Our foundational research on the structural bioinformatics of glutamate and monoamine transporters established the core methodology we use to bypass the membrane barrier. These publications detail the application of the QTY code to engineer water soluble variants of these critical neurotransmitter transporters.

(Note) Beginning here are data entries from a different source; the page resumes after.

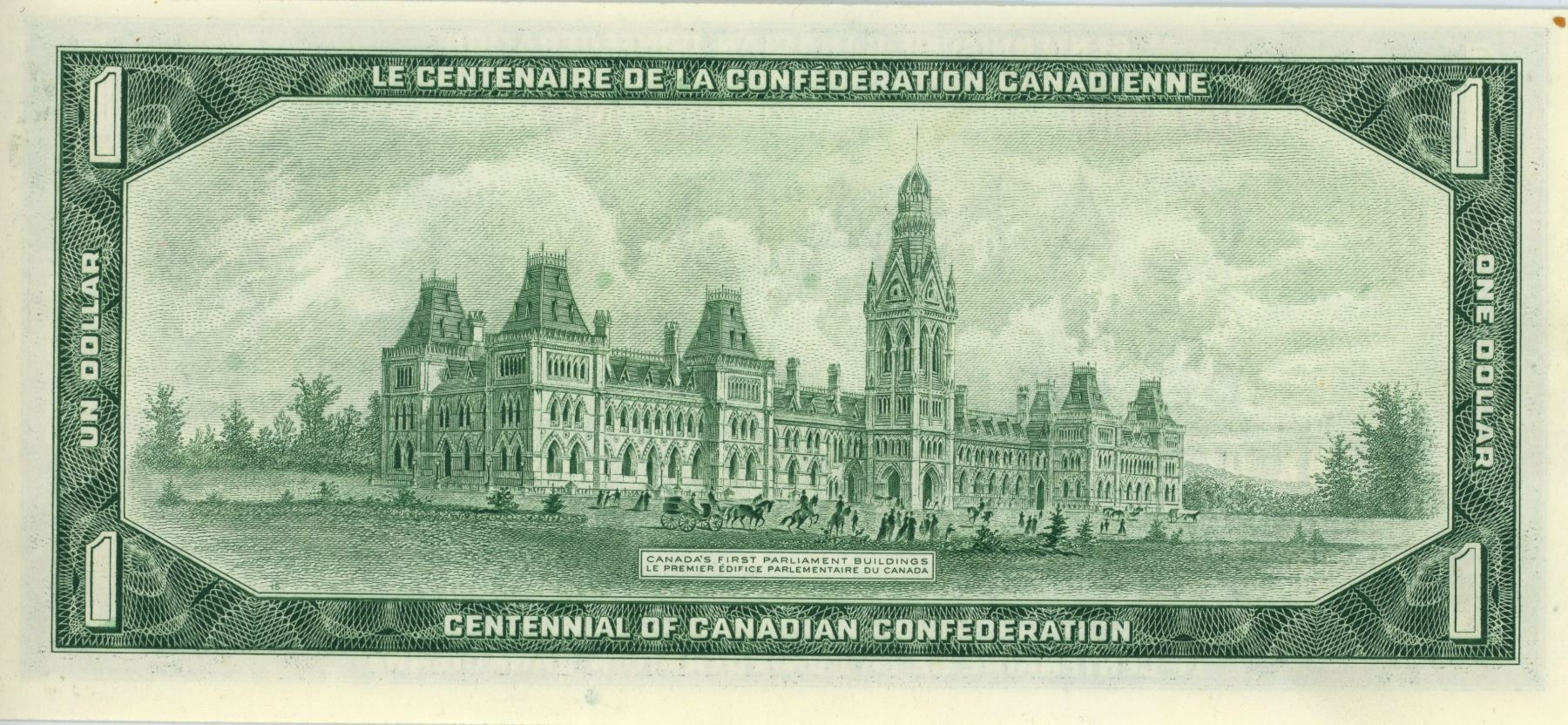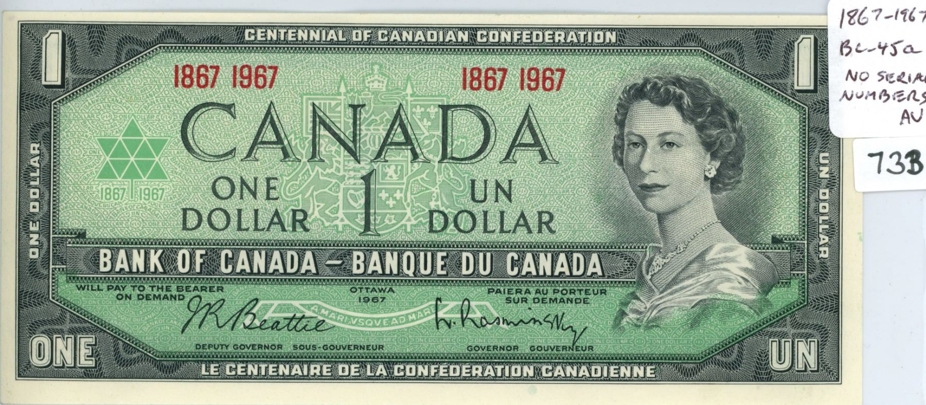 1867 – 1967 Centennial $1 with no Serial Numbers. Beattie-Rasminsky signatures. BC-45a. AU-50.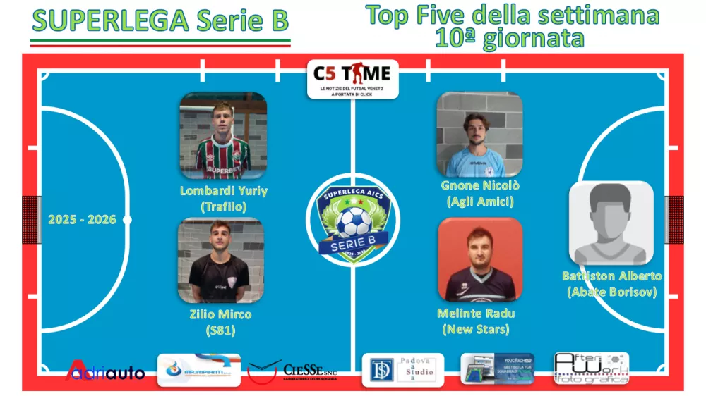 L'incontro più pirotecnico della giornata, tenutosi mercoledì 10 dicembre al Vertigo Sport Center, è stato il vibrante pareggio tra ITALB C5 (19 punti) e VALORI IMMOBILIARI (16 punti), terminato 5 a 5, entrambe al loro primo segno X della stagione. L'ITALB C5 ha potuto contare sulla vena realizzativa del Top Five della settimana Jani Gaetano, autore di una strepitosa tripletta, affiancato da De Podolinsky Rilke e Pelivani Roland. Dall'altra parte, le VALORI IMMOBILIARI hanno risposto colpo su colpo con la doppietta di Moreschi Federico e le reti del bomber Bettella Riccardo, Stefani Andrea e Tramarin Gianluca. Un punto d'oro per entrambe, che mantengono la terza e la quinta posizione, ma con la sensazione che la corsa per il podio sia più aperta che mai.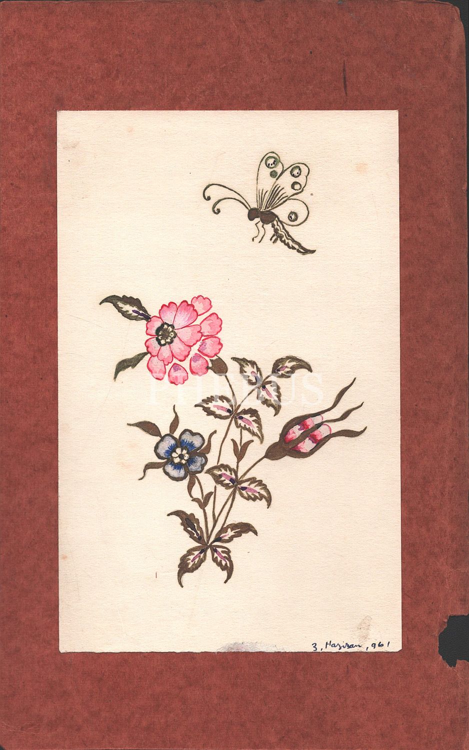 Çicek ve yusufçuk görselli tezhip çalışması, 3 Haziran 1961, 15x24 cm...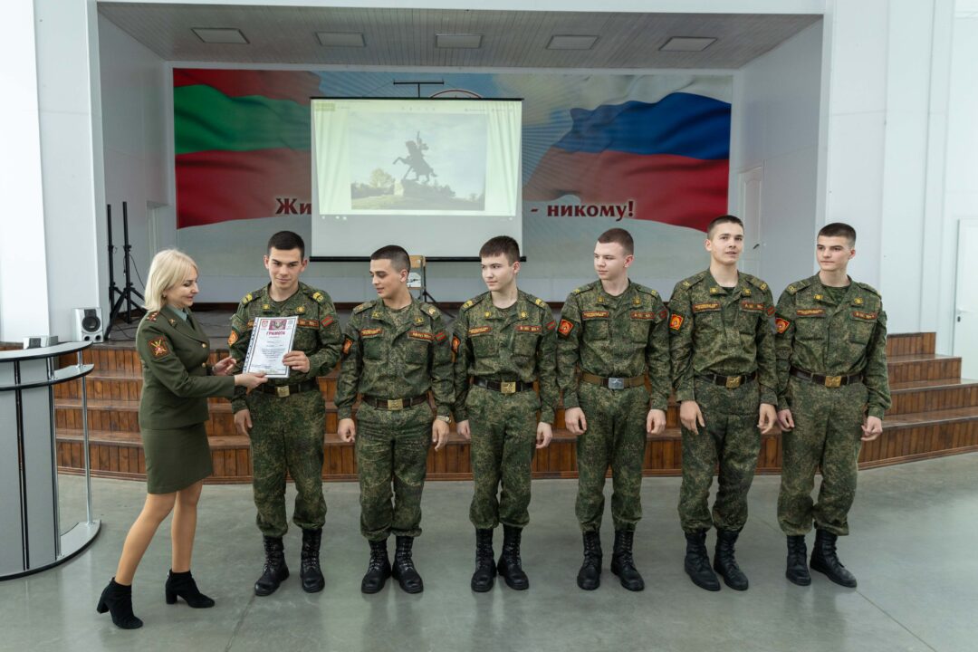 Дипломами наградили сегодня суворовцев за победу в республиканском историческом конкурсе «Моя страна – мое Приднестровье». Команда суворовцев пятого, шестого и седьмого курсов заняла в нем первое место, сообщает пресс-служба Минобороны ПМР.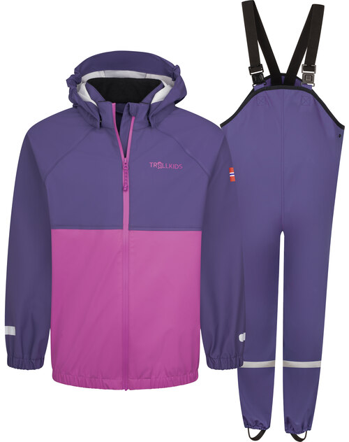 Jacke und Hose sind aus gummiertem, PCF-freiem Material gefertigt und haben verklebte Nähte, sodass Wasser und Matsch keine Chance haben.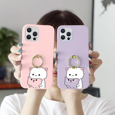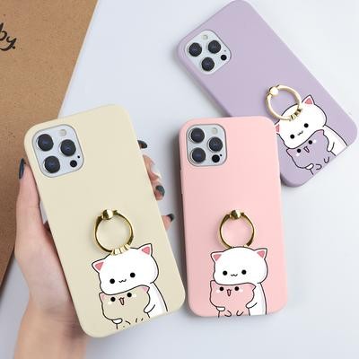 Cat Cat Finger Ring Case لـ iPhone 12 11 Pro Max 8 7 6 Plus X XR XS Max
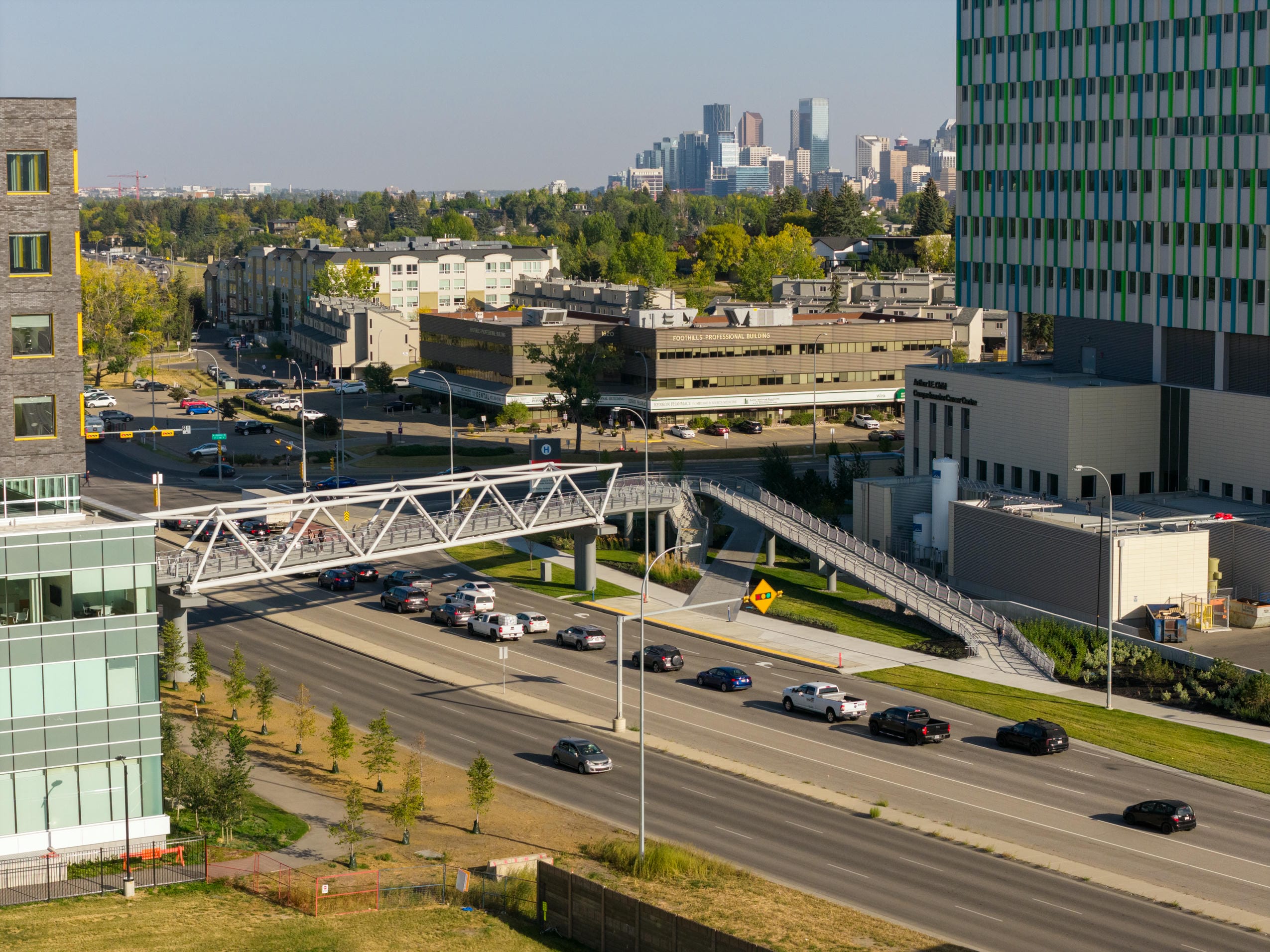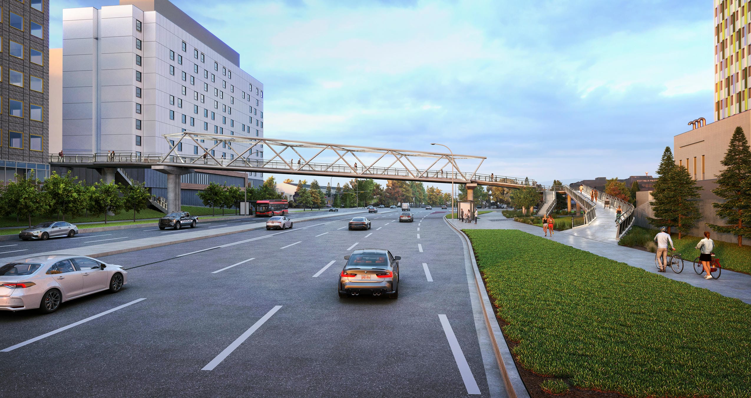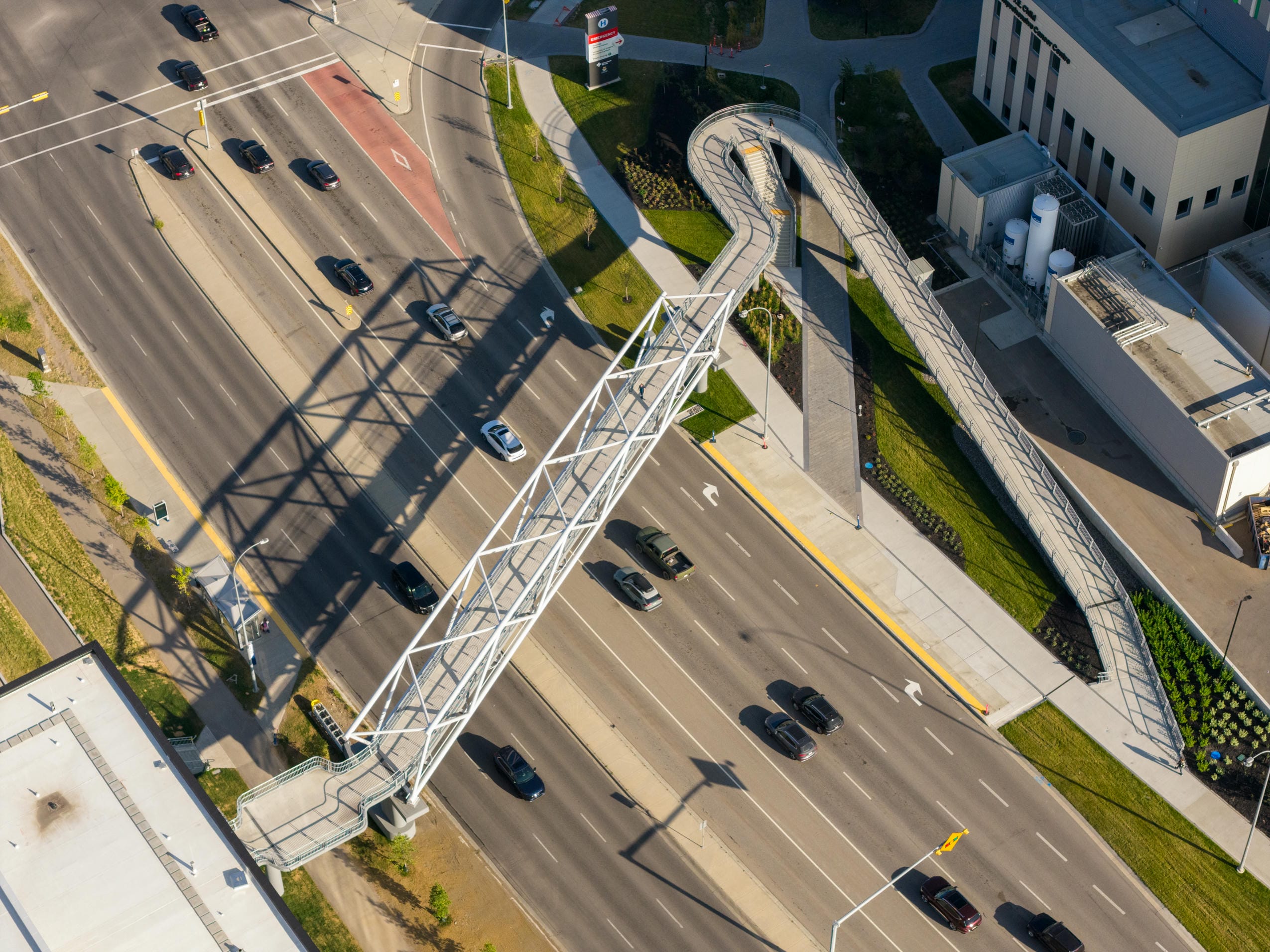 The Stadium Bridge project is a central component of an expansive urban revitalization effort in northwest Calgary and aims to increase the connectivity between the North and South regions that are currently split by 16th Avenue. Currently, 16th Avenue acts as a significant barrier amid high-density population and employment zones. Surrounded by major developments on both sides, the project aims to seamlessly integrate a visually captivating and functionally effective pedestrian bridge, fostering a pedestrian-friendly environment with a strong emphasis on transit and active transportation. The goals and the key benefits for the bridge aim to increase connections to regional pathways, increase pedestrian and cycling movement, increase access to the north crosstown BRT and to facilitate access to both the Foothills Medical Centre and UXBorough (stadium) development. This innovative bridge design aligns seamlessly with its urban context while supporting pedestrian access, creating connections in the community. The use of box trusses, rounded columns, and chamfered ramp edges not only responds to the human scale but also contributes to a visually refined infrastructure. The project’s commitment to legibility, vibrancy, and resilience further solidifies its role as a transformative element, enhancing connectivity, accessibility, and the overall urban experience in northwest Calgary.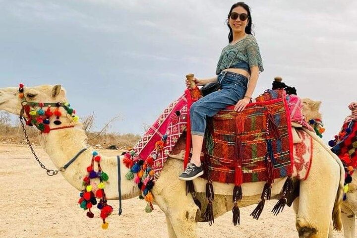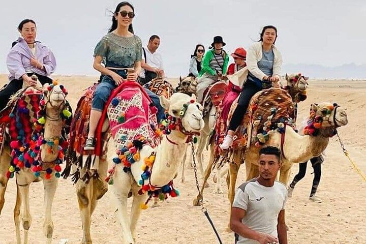Enjoy an unforgettable camel-riding adventure across Egypt’s golden sands, where history, culture, and nature come together. Follow the ancient paths once traveled by traders and nomads, discovering the deep bond between people and camels that has shaped desert life for centuries. Ride gentle, handpicked camels guided by professional trainers who ensure your comfort, safety, and enjoyment every step of the way. Perfect for families, beginners, and culture lovers, this one-hour experience offers an authentic glimpse into Egypt’s timeless traditions. As the sun sets and the dunes glow in warm colors, feel the tranquil rhythm of the desert and capture stunning photos that reflect the true spirit of Egypt. This authentic camel ride promises a perfect mix of adventure, heritage, and breathtaking scenery — a must-do experience for anyone visiting Egypt.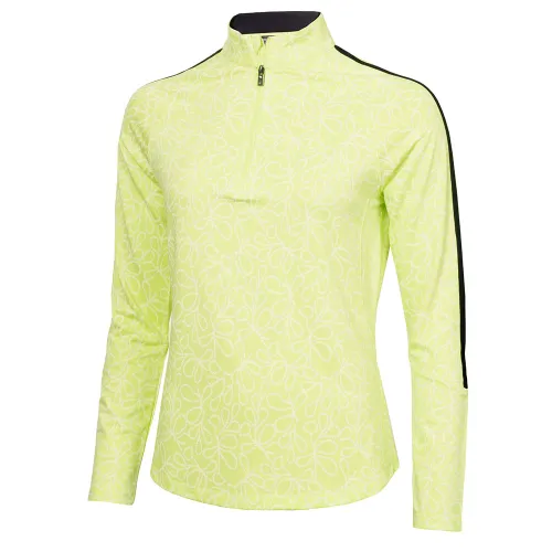 Printed, half zip performance top with solid contrast panel down sleeves.

By systematically replacing hydrophobic amino acids with structurally similar hydrophilic residues, we demonstrated that the proteins can become soluble while preserving their complex three dimensional architecture. AlphaFold2 predictions verified that these QTY variants maintain the original molecular fold of the membrane bound versions.

These studies provide a practical framework for more accessible biochemical analysis and structure based drug design. Both publications are available via open access and remain central to our work in computational protein engineering.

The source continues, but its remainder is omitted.